_THE TASK_
In the entries below, find the line with "Coq au Vin served over egg noodles." and the line with "Me täällä Etelä-Pohjanmaan". Return those two lines and all lines between them, exactly.

_SUPPLIED MATERIAL_
▶

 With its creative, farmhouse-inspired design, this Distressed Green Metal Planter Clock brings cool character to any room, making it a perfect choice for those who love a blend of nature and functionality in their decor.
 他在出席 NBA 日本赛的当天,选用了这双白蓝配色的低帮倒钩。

◀
▶

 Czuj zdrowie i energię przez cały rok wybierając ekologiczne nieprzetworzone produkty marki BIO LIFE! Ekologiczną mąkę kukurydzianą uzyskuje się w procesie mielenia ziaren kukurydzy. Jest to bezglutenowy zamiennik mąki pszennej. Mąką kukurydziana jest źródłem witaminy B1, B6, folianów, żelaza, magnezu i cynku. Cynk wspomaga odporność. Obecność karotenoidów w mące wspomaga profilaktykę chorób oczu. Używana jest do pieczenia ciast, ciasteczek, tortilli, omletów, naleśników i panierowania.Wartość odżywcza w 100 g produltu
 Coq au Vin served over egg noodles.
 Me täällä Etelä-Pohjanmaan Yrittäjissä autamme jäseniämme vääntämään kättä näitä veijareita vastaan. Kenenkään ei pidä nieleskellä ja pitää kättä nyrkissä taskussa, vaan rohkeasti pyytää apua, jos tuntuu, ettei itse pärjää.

◀

_RESPONSE BELOW_
 Coq au Vin served over egg noodles.
 Me täällä Etelä-Pohjanmaan Yrittäjissä autamme jäseniämme vääntämään kättä näitä veijareita vastaan. Kenenkään ei pidä nieleskellä ja pitää kättä nyrkissä taskussa, vaan rohkeasti pyytää apua, jos tuntuu, ettei itse pärjää.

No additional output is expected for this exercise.